*GIVEN INFORMATION*.
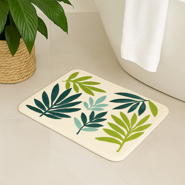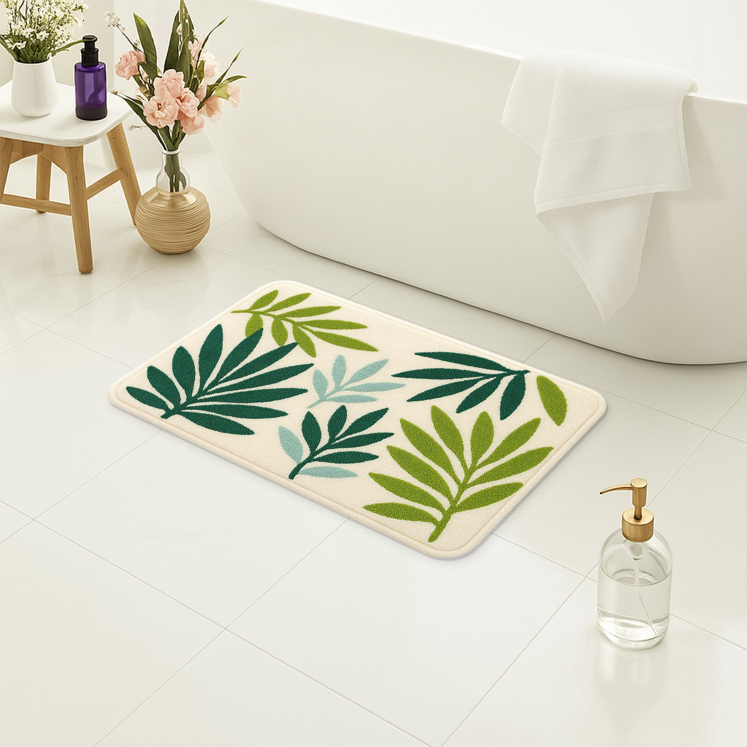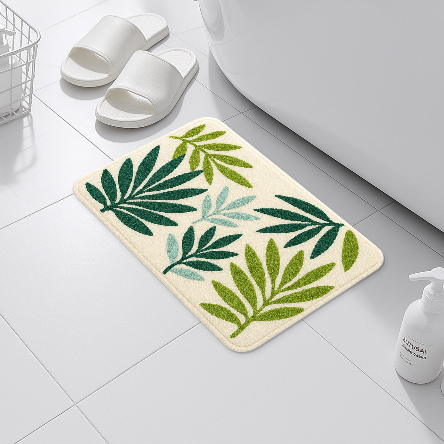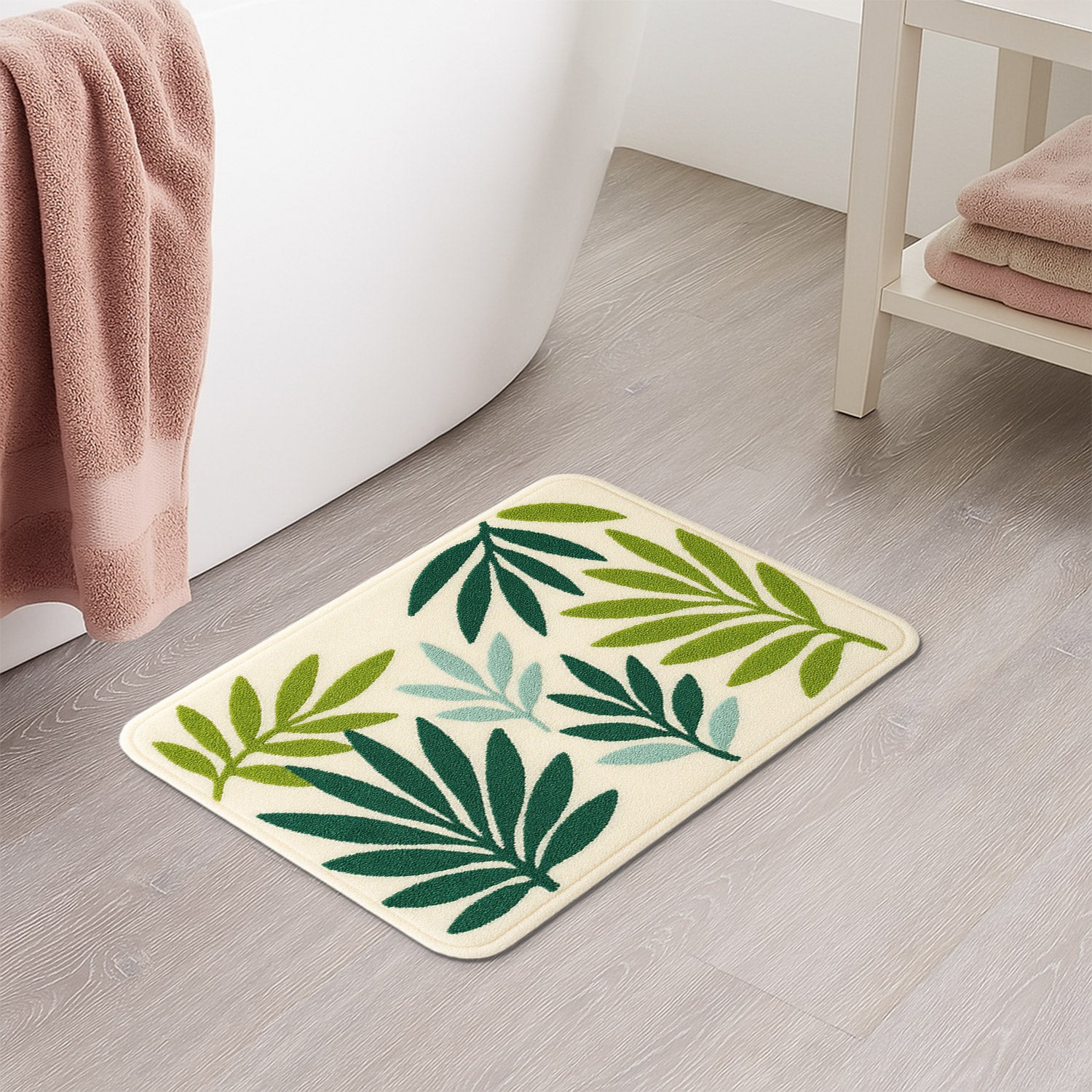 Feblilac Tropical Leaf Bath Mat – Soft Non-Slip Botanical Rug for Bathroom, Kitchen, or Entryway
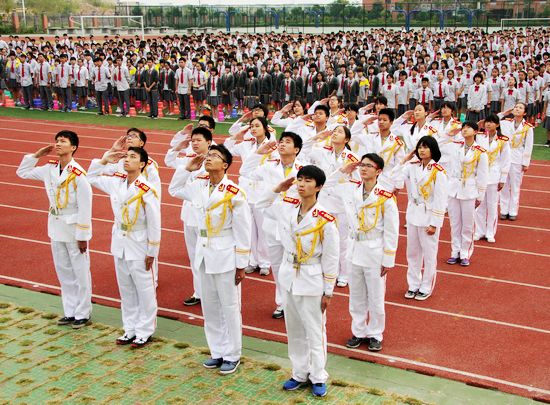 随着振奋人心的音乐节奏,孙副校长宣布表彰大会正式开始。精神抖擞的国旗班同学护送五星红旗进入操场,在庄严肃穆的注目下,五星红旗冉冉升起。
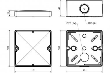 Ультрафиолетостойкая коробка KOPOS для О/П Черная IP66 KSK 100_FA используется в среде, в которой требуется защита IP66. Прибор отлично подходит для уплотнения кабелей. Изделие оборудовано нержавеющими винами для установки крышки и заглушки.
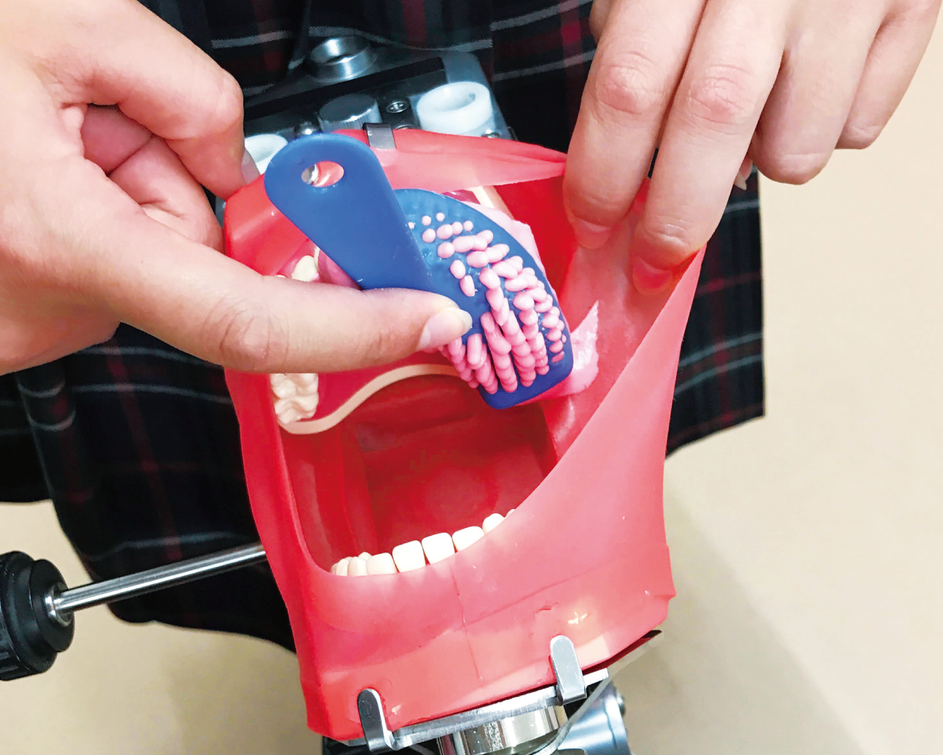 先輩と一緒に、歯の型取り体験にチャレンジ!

*INSTRUCTIONS TO FOLLOW*. Copy the listing verbatim, omitting images.

*WRITTEN RESPONSE*.
 Feblilac Tropical Leaf Bath Mat – Soft Non-Slip Botanical Rug for Bathroom, Kitchen, or Entryway
 随着振奋人心的音乐节奏,孙副校长宣布表彰大会正式开始。精神抖擞的国旗班同学护送五星红旗进入操场,在庄严肃穆的注目下,五星红旗冉冉升起。
 Ультрафиолетостойкая коробка KOPOS для О/П Черная IP66 KSK 100_FA используется в среде, в которой требуется защита IP66. Прибор отлично подходит для уплотнения кабелей. Изделие оборудовано нержавеющими винами для установки крышки и заглушки.
 先輩と一緒に、歯の型取り体験にチャレンジ!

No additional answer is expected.